It has been found that a reduction in cleaning fee's has led to a 12% increase in partner's earnings.


----------



## Actionjax (Oct 6, 2014)

newsboy559 said:


> A week ago this past Friday, I had a rider puke in the back of my car. While most of the bio-hazard landed in my rubber floor mat, a good portion did get on the carpet, which caused me to have it professionally cleaned. Uber granted me $100 within 30 minutes of me submitting the cleaning fee request and pictures, which is all well and good. However, I responded saying that I doubted $100 would cover the cost it was going to take to get this cleaned up.
> 
> Meanwhile, the Uber CSR reminded me that they reimburse only for the cost of cleaning "the affected portion" of the vehicle. I called three professional detail shops. All of them told me that they don't do details of only specific portions of vehicles. They either do a full detail on the entire interior or they don't do the job at all. Of course, I relayed that message to Uber via email, with no response.
> 
> ...


Moral of the story. Make sure you just go get it cleaned and have the detailer put on the receipt that the cleaning fee was to cover the incident and not a full car detail.

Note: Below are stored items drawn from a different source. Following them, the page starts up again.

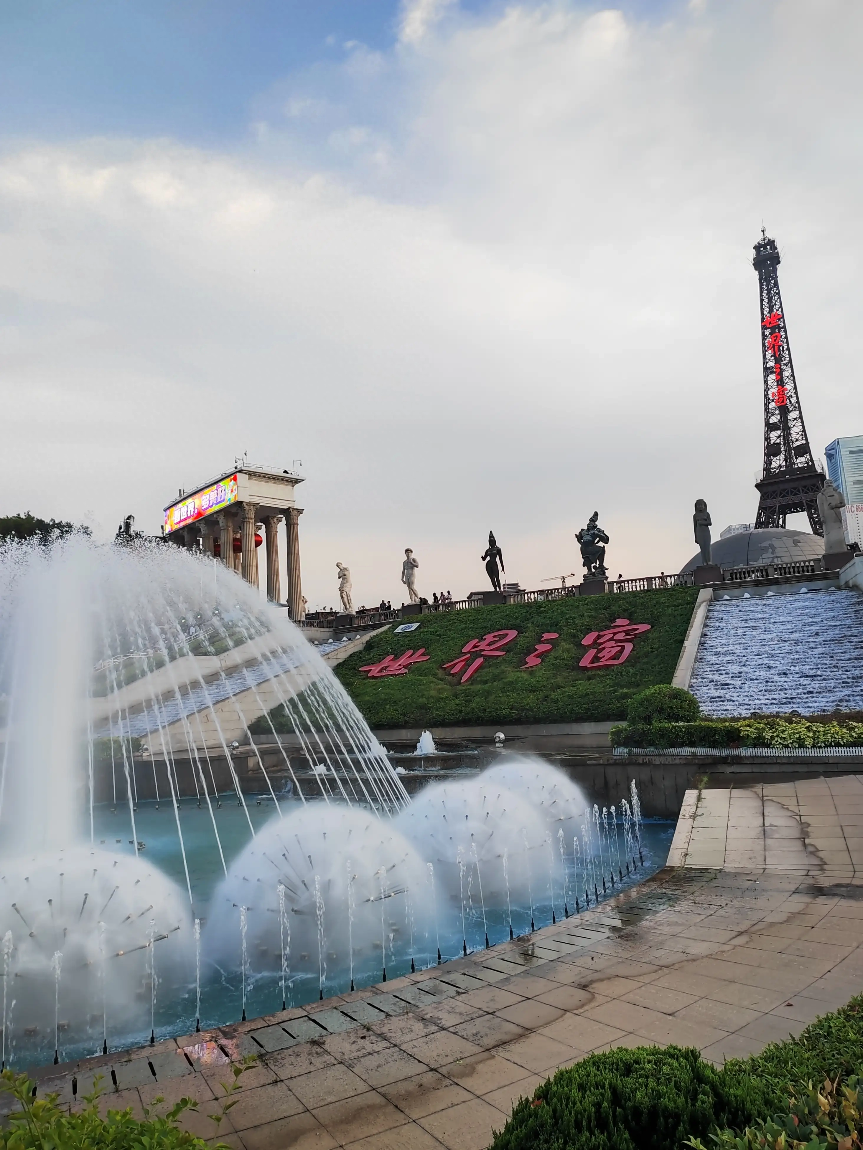 我们出去原路返回,对,没错,就是原路返回,逆着回到园区正门。毕竟进来只顾玩,中途有很多景点都没有去看。不想走回头路的话,也可以在铁塔下面蹦迪,有疯狂的DJ,劲爆的音乐,喜欢的人们也可以在那再看看。毕竟九点后游乐设施陆续就要停止营业,玩不到了
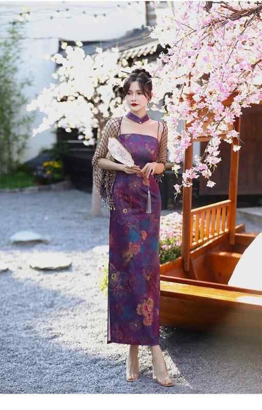 ・素材: ミルクシルク・主な素材成分: ポリエステル50%〜70%・丈: ミドル丈・ネックライン: ボートネック・袖丈: ノースリーブ・スリット: ロータイプ・カラー展開: パープル、ピーコックグリーン・サイズ展開: S、M、L、XL、XXL・スタイル: レトロクラシック・対象年齢: 大人・対象: 女性
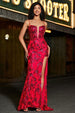Meerjungfrauen Spaghettiträger Dunkelrotes Korsett Ballkleid mit Schlitz
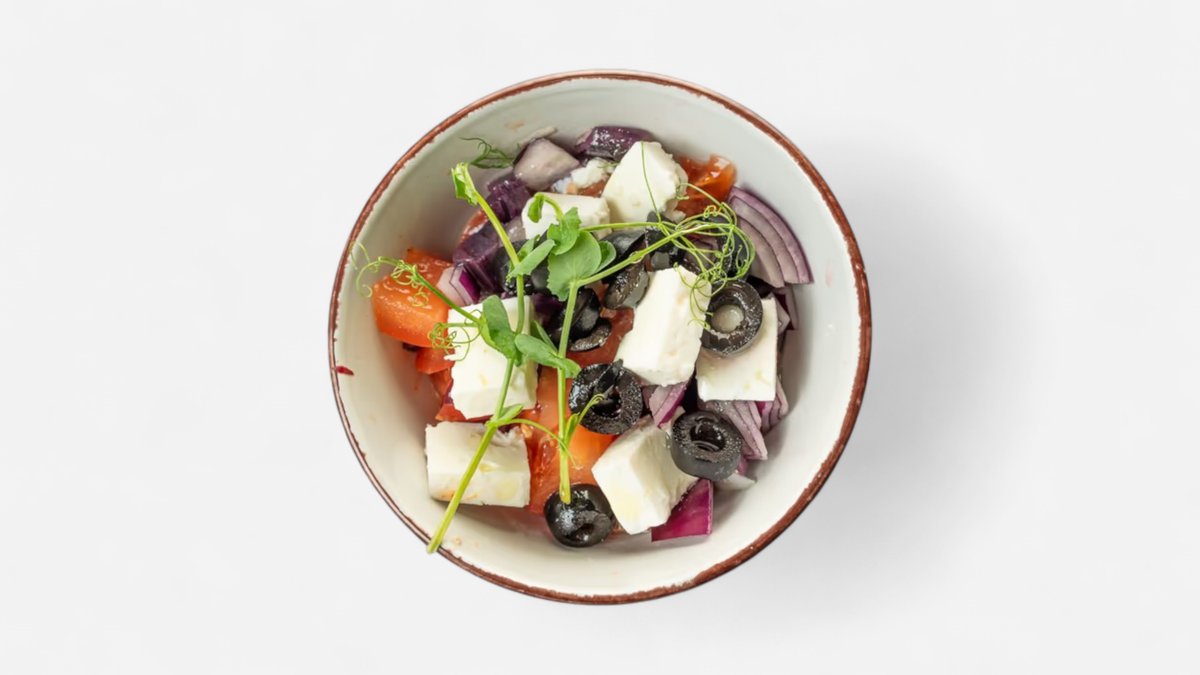Paradajky, olivy, červená cibuľa, feta syr, (hmotnosť: 120 g, alergény: 7)
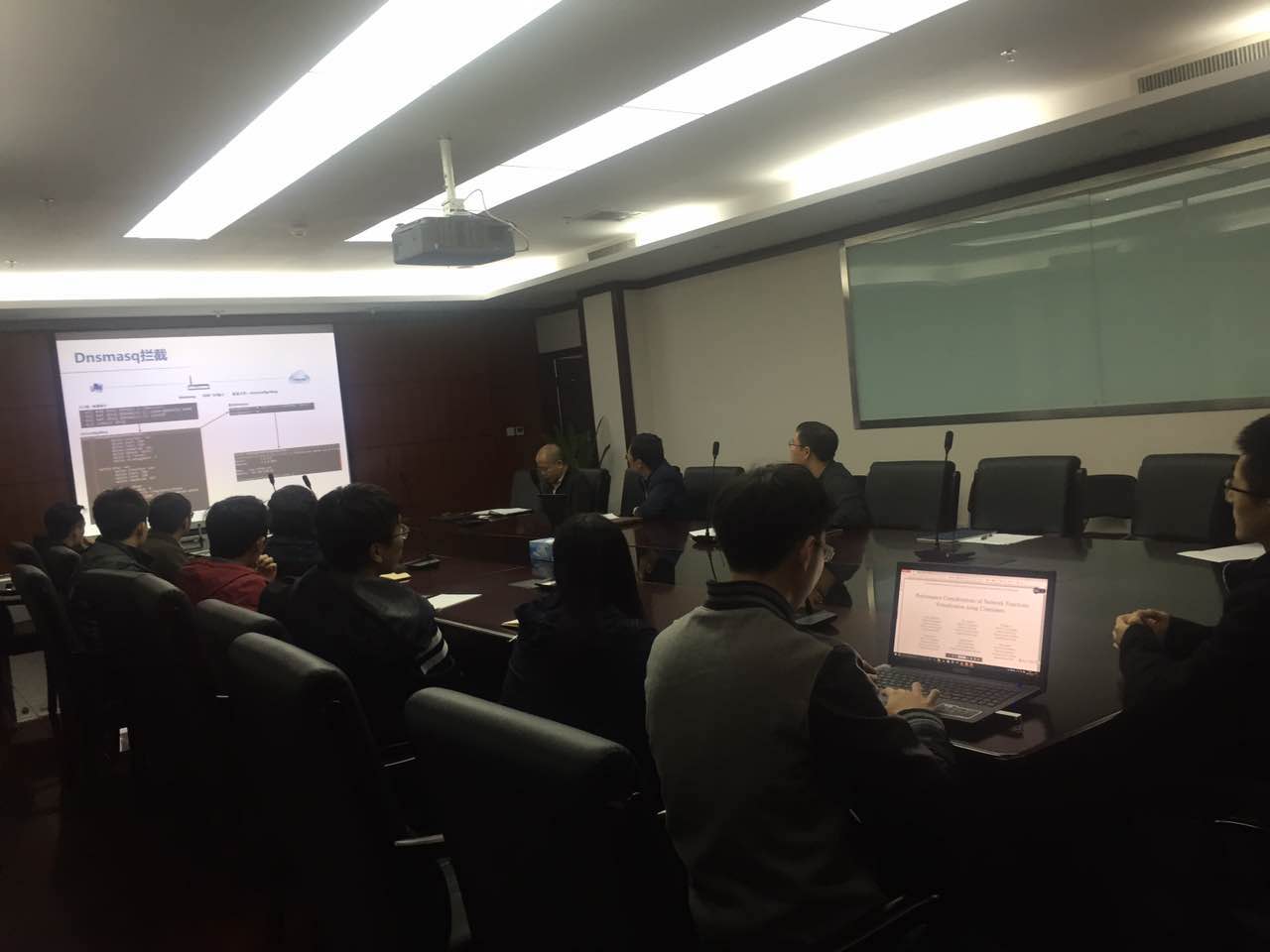 答辩过程包括项目组工作汇报及专家提问环节。在十分钟的项目汇报过程中,八个参赛项目组分别汇报了本项目的研究背景、研究内容、研究成果等。陈婉杰组对社交网络的社区发现和媒体传播进行了分析,算法研究和实现,通过实验证明了算法的性能,并申请了2项专利;井丽南组围绕针对Openflow和pof交换机应用,对多核平台的表查询和匹配算法进行了深入的研究和算法优化,申请了1项专利;其它各项目组也分别汇报了项目工作的亮点之处。

If Uber does not pay up the full amount serve them in writing a notice for small claims court that includes your cost to recover the owed amount. (Cost for cleaning+time lost+court costs). Long as you are documented correctly Uber will pay as court for them is not good use of their legal peoples time. They will pay about $5000 to fight it.


----------



## Casuale Haberdasher (Dec 7, 2014)

newsboy559 said:


> A week ago this past Friday, I had a rider puke in the back of my car. While most of the bio-hazard landed in my rubber floor mat, a good portion did get on the carpet, which caused me to have it professionally cleaned. Uber granted me $100 within 30 minutes of me submitting the cleaning fee request and pictures, which is all well and good. However, I responded saying that I doubted $100 would cover the cost it was going to take to get this cleaned up.
> 
> Meanwhile, the Uber CSR reminded me that they reimburse only for the cost of cleaning "the affected portion" of the vehicle. I called three professional detail shops. All of them told me that they don't do details of only specific portions of vehicles. They either do a full detail on the entire interior or they don't do the job at all. Of course, I relayed that message to Uber via email, with no response.
> 
> ...


POST # 1 /newsboy559 ondering Bison
inquires as to
the Distance from Closest Office: Last Option prior to Nuclear (S.C.Court) Be
SURE to get an Employee, NOT a Zero
Chaos Contractee (all CSR's).

Ahoy thehappytypist and kane !
Lil' Help, heah? Thanks, Bison.


----------



## kane (Feb 28, 2015)

I would say take it to your nearest partner center if you have one. Bodily fluids in cloth usually are met with the highest fees because of the extent it takes to clean them. It's considered a bio-hazard and I know our region treats it as such.


----------



## newsboy559 (Oct 14, 2014)

kane said:


> I would say take it to your nearest partner center if you have one. Bodily fluids in cloth usually are met with the highest fees because of the extent it takes to clean them. It's considered a bio-hazard and I know our region treats it as such.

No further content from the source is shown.